2 june 2009

Friends of the Earth slams "fundamentally flawed" offsetting model

James Murray, BusinessGreen, 02 Jun 2009

Report argues carbon offset mechanisms are beyond reform and should be scrapped

The practice of carbon offsetting is "profoundly unjust" and "fundamentally flawed", according to a critical new report from Friends of the Earth.

A Dangerous Distraction, which calls on the UK government to ditch calls for an expansion of UN-backed offsetting schemes, argues there is now ample evidence to show that offsetting is "ineffective and damaging".

The report has been released to coincide with international talks in Bonn this week, where reforms designed to expand the UN's Clean Development Mechanism (CDM) offsetting scheme to include forestry are expected to be high up the agenda.

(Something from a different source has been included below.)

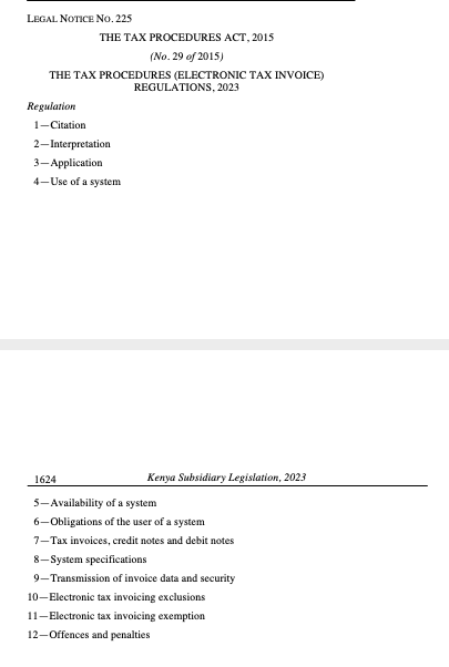The final Tax Procedures (Electronic Tax Invoice) Regulations 2023 have been gazetted. These are the regulations that guide the implementation of Finance Act 2023's amendment to Sec23A & Sec86 of the Tax Procedures Act on mandatory eTIMS onboarding

It collates many of the criticisms levelled at the emerging offsetting industry in recent years, including evidence that many of the projects backed by carbon offset investment would have happened anyway. It also says that many industrial energy efficiency projects approved by the CDM result in significant carbon emissions, and argues that offsetting allows western governments and businesses to delay action to curb their own emissions.

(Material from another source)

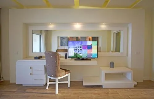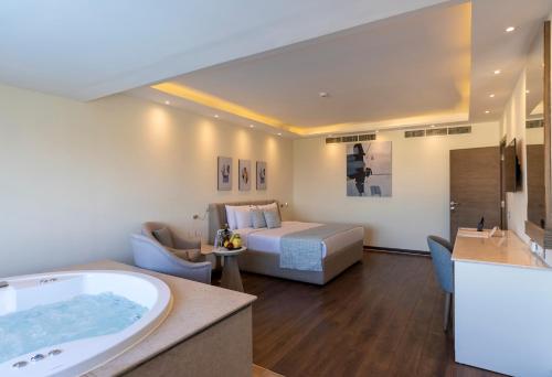 General : Seif pentru laptop Seif Fier de călcat Facilităţi de călcat Pardoseală de gresie/marmură Intrare privată Încălzire Aer condiţionat Baie: Halat de baie Prosoape Articole de toaletă gratuite Papuci de casă Uscător de păr Toaletă Duş bideu Hârtie igienică Baie privată Vedere: Vedere la mare Vedere la piscină Media/Tehnologie: TV cu ecran plat TV Telefon Canale prin cablu Canale prin satelit Servicii: Serviciu de trezire Zonă de living: Zonă de relaxare Exterior: Terasă Balcon Facilităţile camerei: Priză lângă pat Mâncăruri și băuturi: Aparat pentru prepararea de ceai/cafea Minibar Dormitor: Lenjerie de pat Garderobă sau dulap Bucătărie: Cană fierbător

"Western governments are cheating us all by plotting to expand carbon offsetting at the UN climate talks - which means avoiding real action through dodgy accounting instead of taking bold action to tackle the climate crisis," said Andy Atkins, executive director at Friends of the Earth. "Carbon offsetting is doing nothing to combat climate change, is putting the lives and livelihoods of millions of people at risk and is entrenching inequality between rich and developing countries' levels of emissions."

The report also criticises proposals to extend the CDM to cover forestry protection projects through Reduced Emissions from Degradation and Deforestation (REDD) mechanisms, arguing that the promise of generating revenues from forests would result in a "land grab" that will put indigenous forest communities at risk.

It also argues that because the proposals currently being considered at Bonn would allow for some plantations to be counted as forests, any attempt to include forests in the CDM could inadvertently lead to them being replaced with large monoculture plantations that only store 20 per cent of the carbon of intact forests.

The UN is currently working on reforms to the CDM designed to better ensure that projects deliver verifiable carbon emissions, while many of the leading private offset suppliers now subscribe to international standards intended to similarly confirm that real emission savings result from offset investments.

However, a spokesman for Friends of the Earth said: "As it currently stands, the CDM is unreformable and should be scrapped." He added that while many governments supported offsetting as it provided a cheaper alternative to reducing emissions at home, there was now enough evidence to show the approach's ineffectiveness.

A spokeswoman for the Department of Energy and Climate Change defended the government's support for carbon offsetting, rejecting the suggestion that the model is fundamentally flawed.

"Offsetting has a role to play in cutting emissions and can bring finance and other benefits to developing countries," she said. "The central issues are getting the safeguards right, making it as transparent and eventually moving to a more holistic approach to cutting emissions as part of a global carbon market. "

She added that work on how to finance forestry schemes was on-going, but insisted that the basic goal of "recognising the carbon value of forests so that they are worth more standing than felled" would help tackle deforestation.

She also argued that offsetting was not being used as wholesale alternative to domestic emission reductions, arguing that both the EU emissions trading scheme and UK cliomate change bill capped the extent to which countries can rely on offset credits to meet emission reduction targets.